◆ What the task asks ◆
Only lines holding the word "Both" are wanted from the records; copy all of them.

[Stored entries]
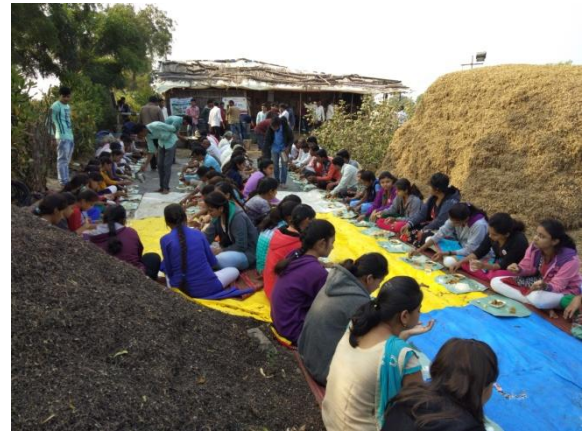
शिवार फेरी व वनभोजन
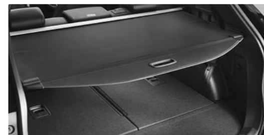
Luggage cover - 7 seat models only
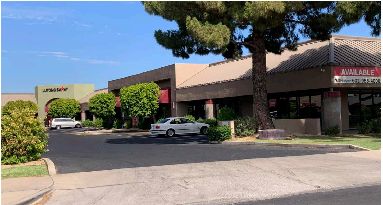
Well maintained center

For Lease Olive Crossing 1,531 - 2,350 SF
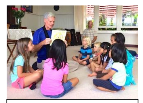
Gentei Sensei's Dharma lesson

Both morning and evening sessions include 20 minutes of chanting. Donations may be placed in the box on the incense table.
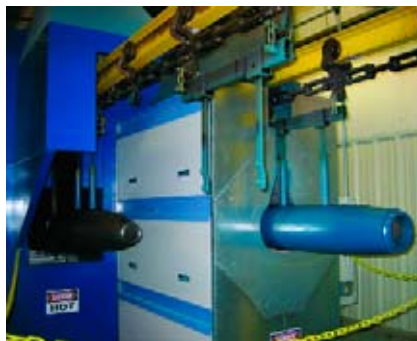
An infrared booster oven and convection oven combination cures the finish on these massive missiles.

In a straight cost comparison, the propylene glycol-based compound costs more than a conventional
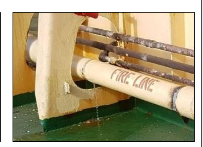
Leakage from fire main
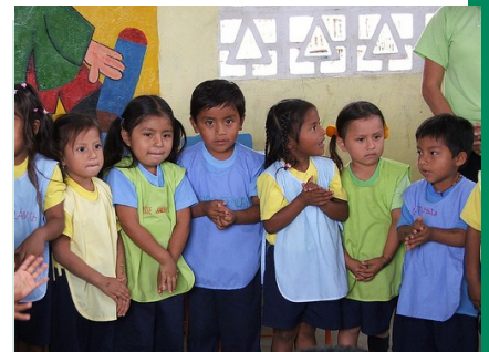
Early childhood education center in Quito, Ecuador

DSP operates with 93 partner organizations in: Argentina, Brazil, Chile, Colombia, Ecuador, Haiti, Mexico, Paraguay, Peru, and Venezuela.
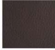
D19 - Dark brown
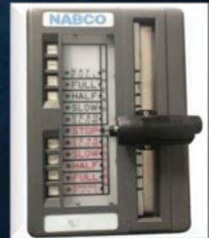
NABCO MG800 ENGINE TELEGRAPH UNIT
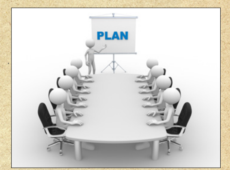
Integrating Jurisdiction Plans By Allen B. King III
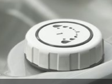
AIR & WATER DIVERTERS
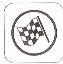
End of regularity test
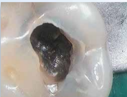
Infiltration of the metallic ions
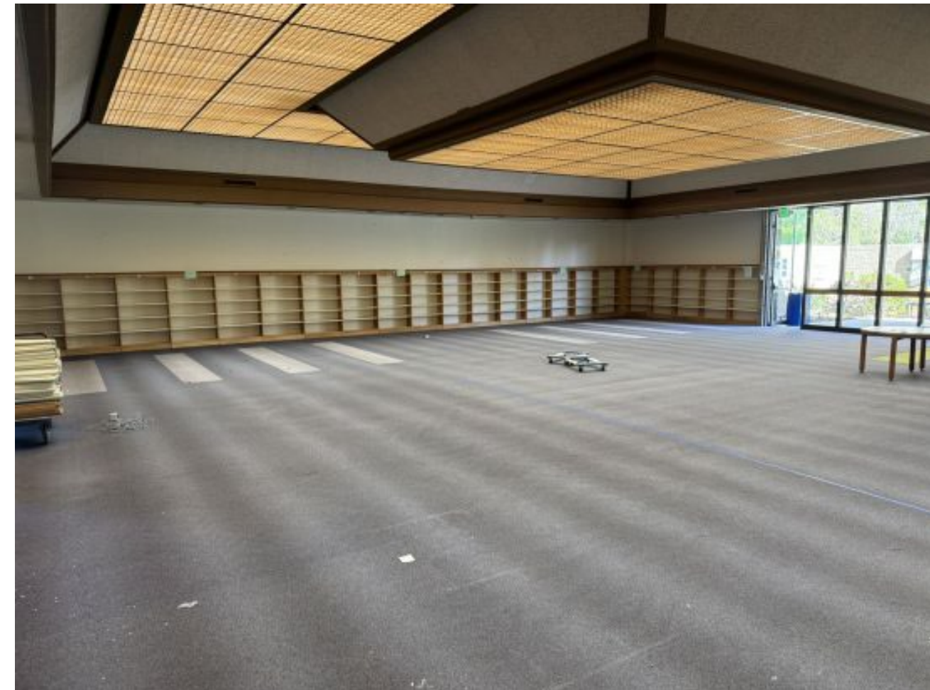
Getting ready for demolition at the Library
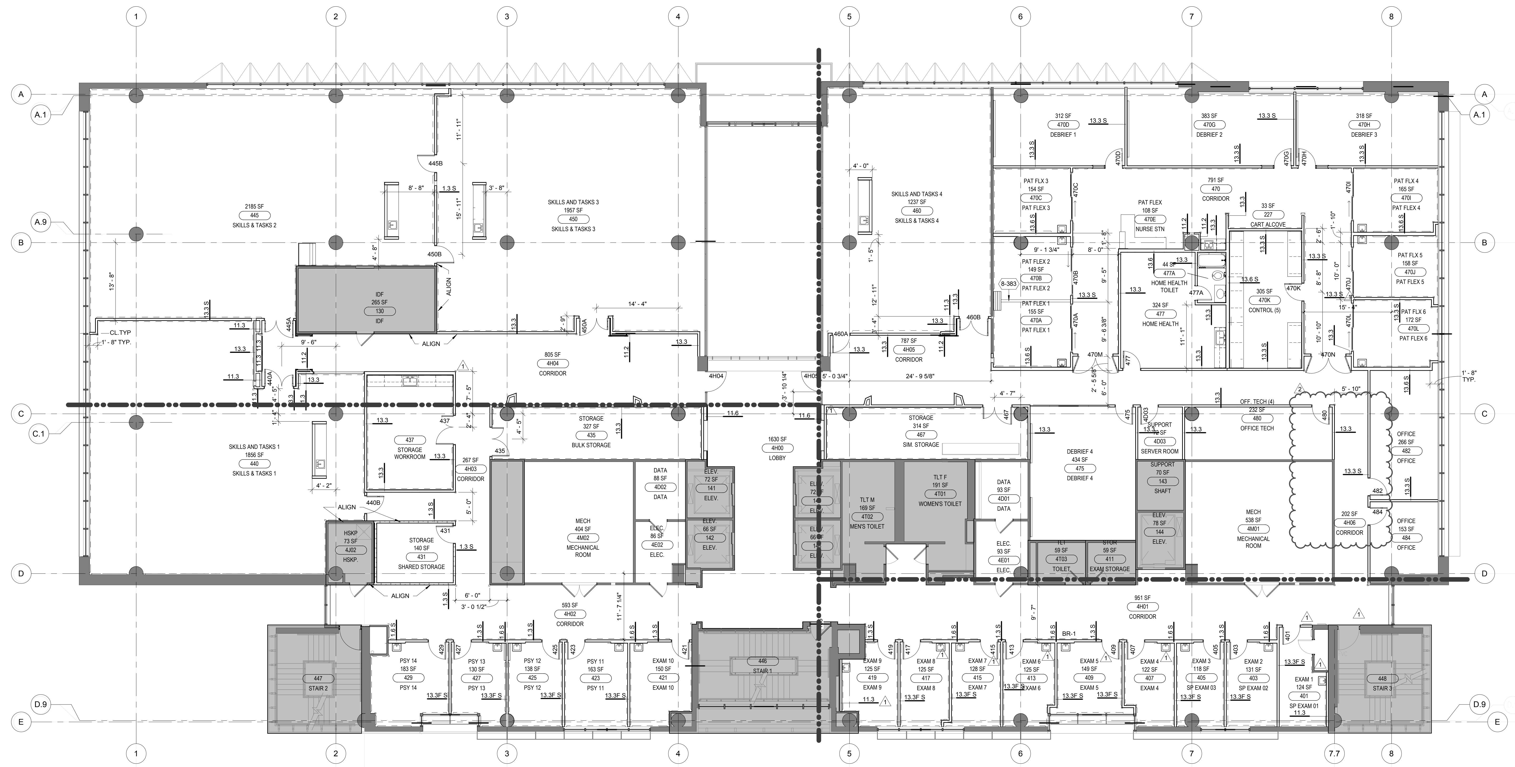
A6 Level 4 - FLOOR PLAN 1/8" = 1'-0"
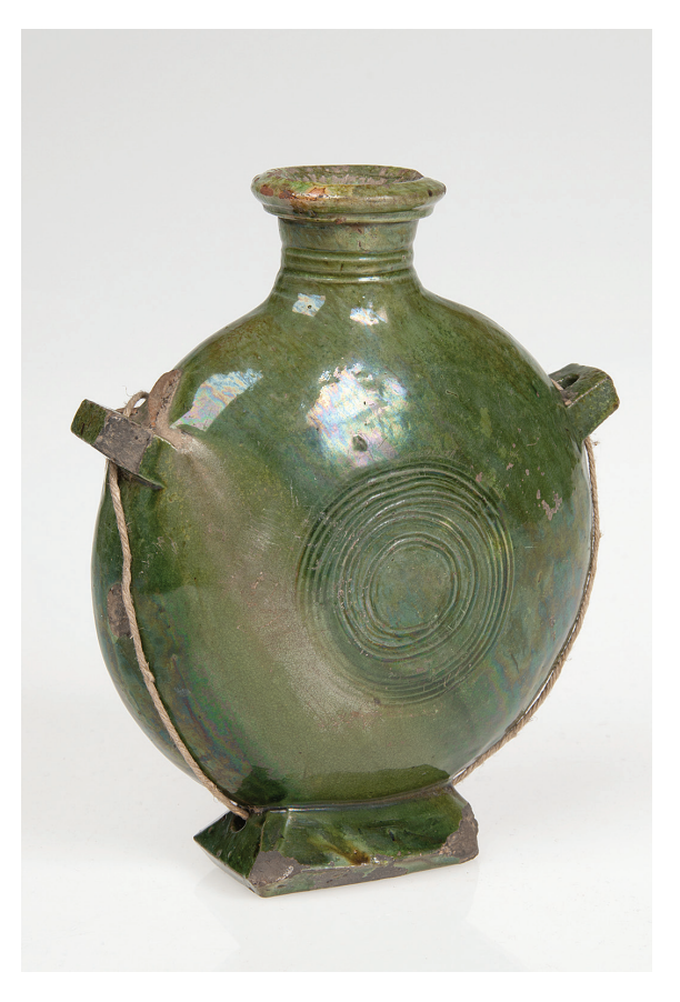
FIG. 9. Late 16th-century northwestern Russian greenglazed greyware field flask from Puiatu coin hoard, southern Estonia (ERM D 13:3).

starting to appear in the 1580s (Russow 2006b). Both painted redware and maiolica found relatively widespread use in the coastal urban society (including suburbs, at least in the case of Weser ware), yet the overall number of these finds is still too small to interpret their occurrence as a standard element of the urban household. They had, however, no impact in the rural setting.

◆ Response box ◆
Both morning and evening sessions include 20 minutes of chanting. Donations may be placed in the box on the incense table.
starting to appear in the 1580s (Russow 2006b). Both painted redware and maiolica found relatively widespread use in the coastal urban society (including suburbs, at least in the case of Weser ware), yet the overall number of these finds is still too small to interpret their occurrence as a standard element of the urban household. They had, however, no impact in the rural setting.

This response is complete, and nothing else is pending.